> [Task]: Starting at the first line of the data, please print exactly those lines through the one that holds "Komiyama 夏甘い 3D", omitting every picture.

Input material Start Marker

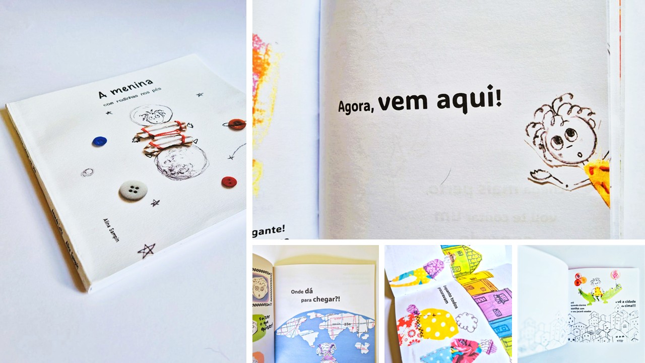 O desenvolvimento da obra contou com a participação de Aline Sampin, formada em Artes Cênicas pela Universidade Federal do Estado do Rio de Janeiro (Unirio), responsável pelas ilustrações. A autora explica: “O livro é um desdobramento de memórias afetivas. É um convite ao leitor para soltar a imaginação e viver grandes aventuras no quintal, na intimidade da casa. Trabalhei junto com a artista visual Aline Sampin (RJ), referências de cor, textura e sensações, misturando técnicas como a costura e a colagem, criando cenas ilustradas cheias de detalhes. O leitor fica com vontade de passar a mão nos detalhes e viajar por todos os cantos com a menina com rodinhas nos pés”.
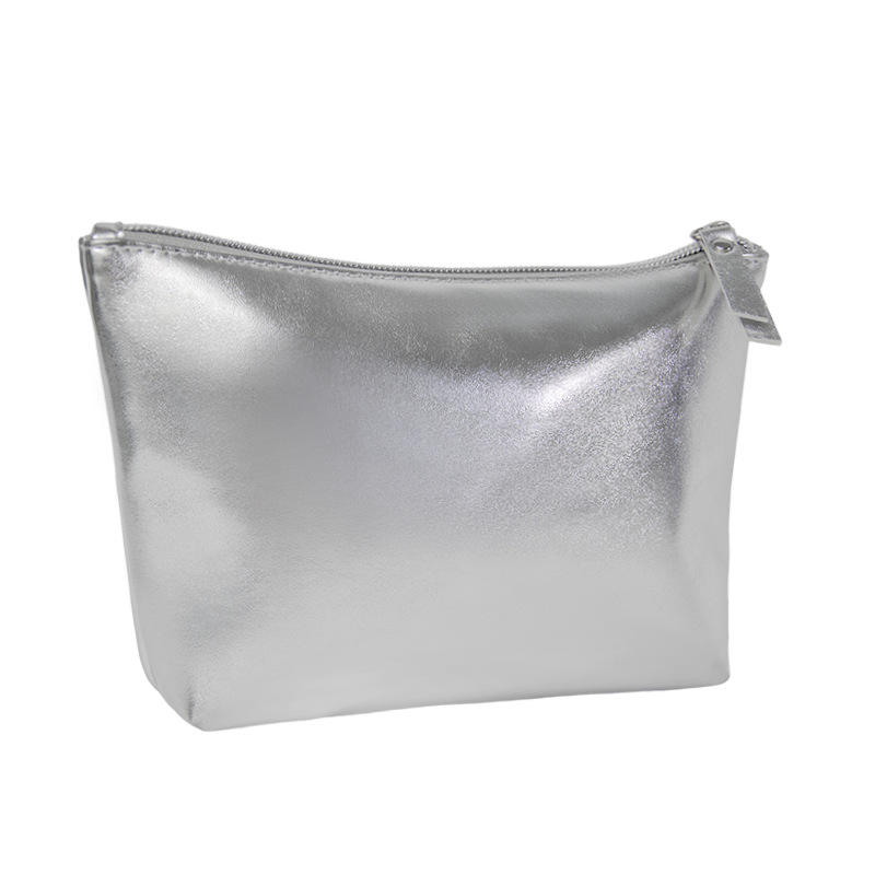 Custom Logo Gold Ladies PU Leather Toiletry Bag Waterproof Zipper Makeup Pouch Women Silver Cosmetic Bag
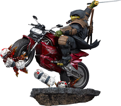 Après le grand succès de la première statuettes de The last ronin par PCS, sortie fin 2022 aux États-Unis, le fabricant a lancé une deuxième pièce, cette fois bien plus massive, le 2 mars 2023. Limitée à 500 exemplaires, elle présente notre dernier ronin en croisade sur sa moto. Le design est toujours repris du comic à succès d’IDW Publishing sous les traits des frères Kucharek.
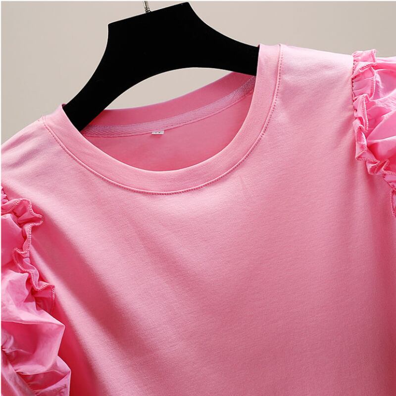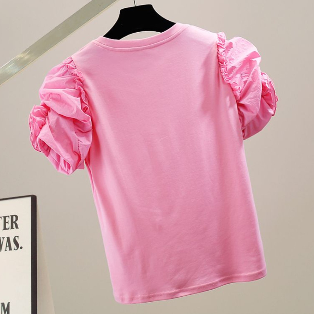 Komiyama 夏甘い 3D フローラル Tシャツシックパフスリーブ Y2k トップス O ネック Ropa 菌 T シャツ 大人ガーリー スウィート キュート カジュアル サマー 夏物 花柄 Oネック | eight
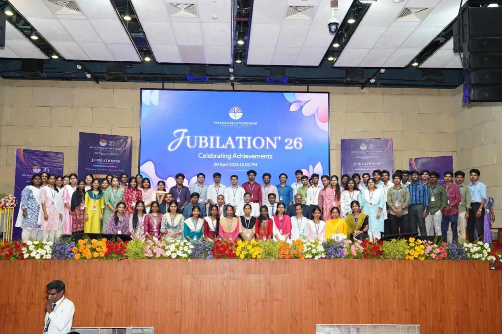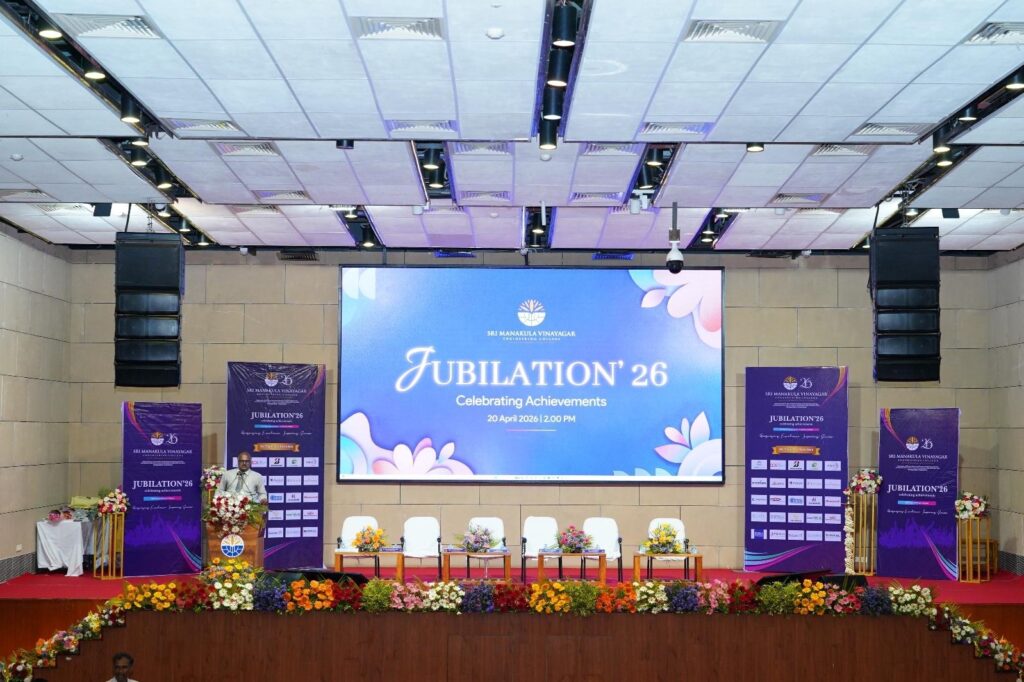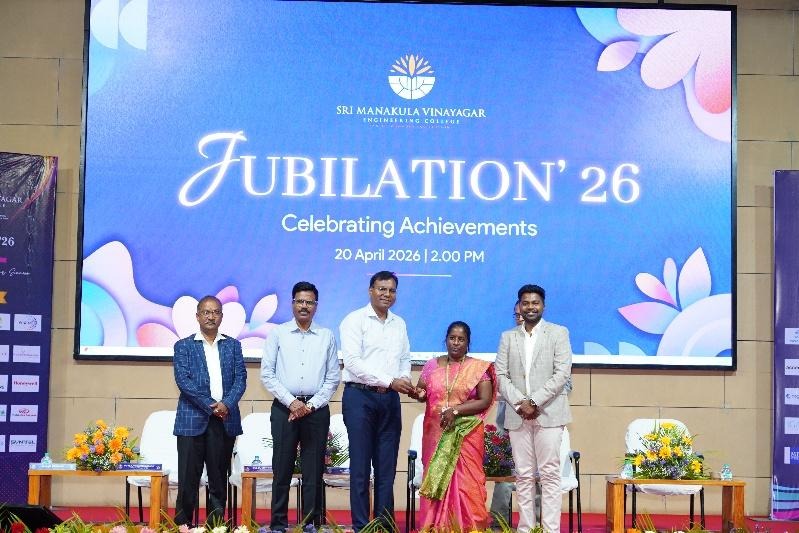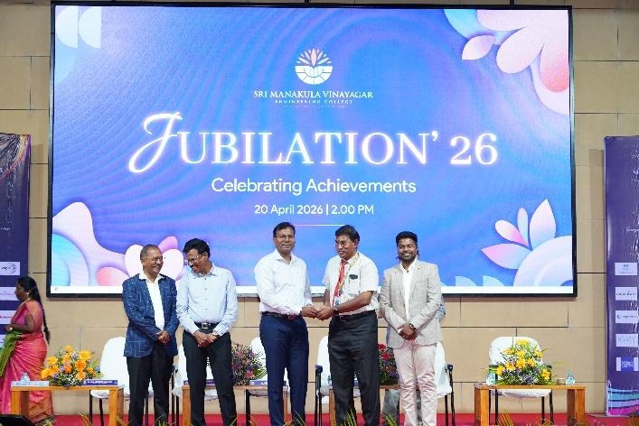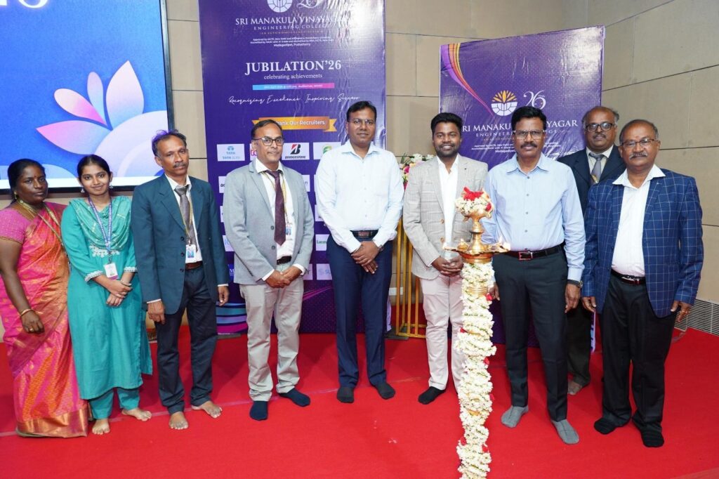 Jubilation ’26, organized by the Training and Placement Division at Sri Manakula Vinayagar Engineering College (SMVEC), was a grand celebration of student success and accomplishments. The event created a proud platform to recognize academic excellence and placement achievements. Students, faculty, and dignitaries gathered to mark this special occasion. The atmosphere reflected joy, pride, and motivation for future success. It truly highlighted the institution’s commitment to student growth.
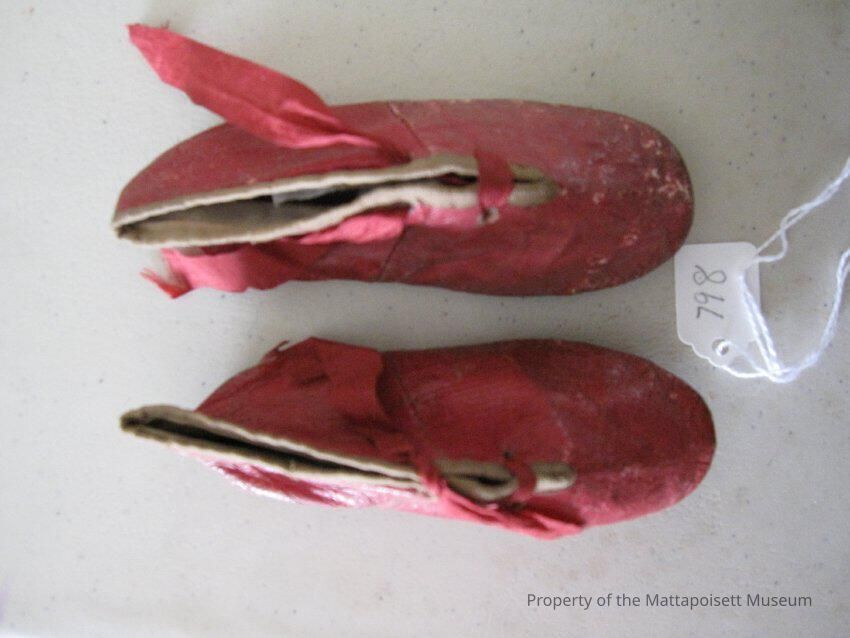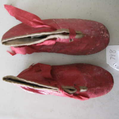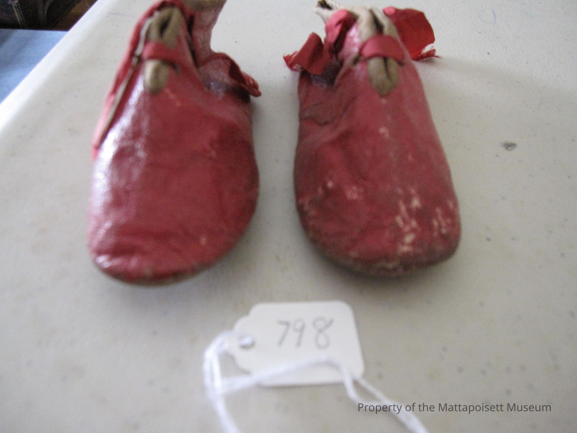Notes: Notecard: Child's soft red leather slippers. Red ribbon closures, soft sole.
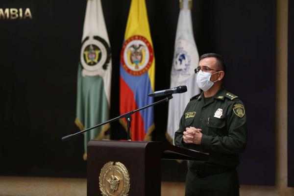 Declaraciones del señor director de la Policía Nacional, General Jorge Luis Vargas Valencia, quien se refiere al ataque con bombas incendiarias que sufrió nuestro Patrullero Cristian Calderón del ESMAD en la ciudad de Bogotá, afectando su rostro, cuello y vías respiratorias.
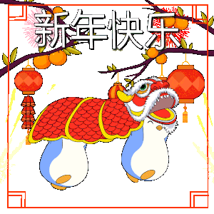 a chinese new year greeting card with penguins and a dragon
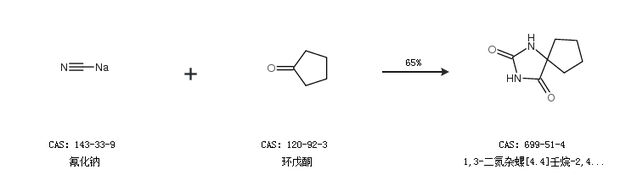 1.通过氰化钠和环戊酮合成1,3-二氮杂螺[4.4]壬烷-2,4-二酮,收率约65%;
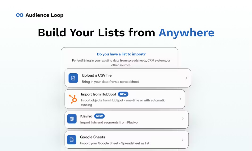 Audience Loop sits on top of the tools marketers already use spreadsheets and CRMs, turning static lists into live, decision-grade audiences:
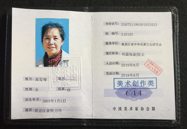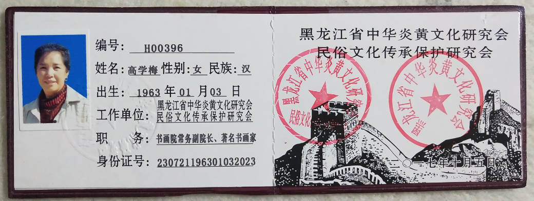 高学梅: 现为:中国美术家协会会员:黑龙江省中华民俗文化传承保护书画院常务副院长:中国林业文联美术家协会会员;中国林业文联美术家协会铁力分会理事;中国林业文联美术家协会冰雪画会,理事:伊春市美术家协会理事
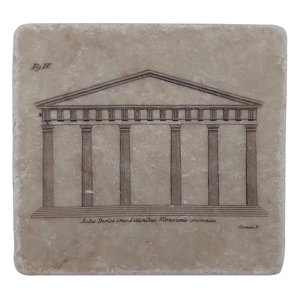 Dessous de verre en marbre reprenant le motif d’une fresque grecque en mosaïque.
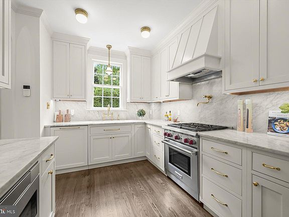 Ideally located on a quiet one-way street in the heart of Georgetown, this classic Federal-style home offers the perfect blend of historic charm and modern luxury. Spanning nearly 1,400 square feet, the residence features two bedrooms, two full bathrooms, and a series of thoughtful updates throughout. The main level was beautifully renovated in 2019, including a fully redesigned kitchen outfitted with Waterworks fixtures, a Wolf range, Bosch dishwasher, custom cabinetry, and upscale hardware and finishes. The adjacent living space features a wood-burning fireplace, stunning hardwood floors, custom built-ins, and Marvin French doors with automated transoms that open to a newly repointed rear brick patio. Visual Comfort lighting, Baldwin hardware and Forbes & Lomax switches elevate the home’s overall ambiance. Upstairs, two light-filled and spacious bedrooms offer ample storage and custom built-ins, with Marvin windows installed in the primary suite. Both bathrooms were fully renovated in 2025 with Waterworks fixtures and timeless Carrara marble tile. Just steps from the neighborhood’s iconic shops and dining along Wisconsin Avenue and M Street, as well as the C&O Canal, Georgetown Waterfront, Montrose Park, and Volta Park, this turnkey residence offers quintessential Georgetown living with every modern convenience.

Input material End Marker

> [Response to this exercise]:
 O desenvolvimento da obra contou com a participação de Aline Sampin, formada em Artes Cênicas pela Universidade Federal do Estado do Rio de Janeiro (Unirio), responsável pelas ilustrações. A autora explica: “O livro é um desdobramento de memórias afetivas. É um convite ao leitor para soltar a imaginação e viver grandes aventuras no quintal, na intimidade da casa. Trabalhei junto com a artista visual Aline Sampin (RJ), referências de cor, textura e sensações, misturando técnicas como a costura e a colagem, criando cenas ilustradas cheias de detalhes. O leitor fica com vontade de passar a mão nos detalhes e viajar por todos os cantos com a menina com rodinhas nos pés”.
 Custom Logo Gold Ladies PU Leather Toiletry Bag Waterproof Zipper Makeup Pouch Women Silver Cosmetic Bag
 Après le grand succès de la première statuettes de The last ronin par PCS, sortie fin 2022 aux États-Unis, le fabricant a lancé une deuxième pièce, cette fois bien plus massive, le 2 mars 2023. Limitée à 500 exemplaires, elle présente notre dernier ronin en croisade sur sa moto. Le design est toujours repris du comic à succès d’IDW Publishing sous les traits des frères Kucharek.
 Komiyama 夏甘い 3D フローラル Tシャツシックパフスリーブ Y2k トップス O ネック Ropa 菌 T シャツ 大人ガーリー スウィート キュート カジュアル サマー 夏物 花柄 Oネック | eight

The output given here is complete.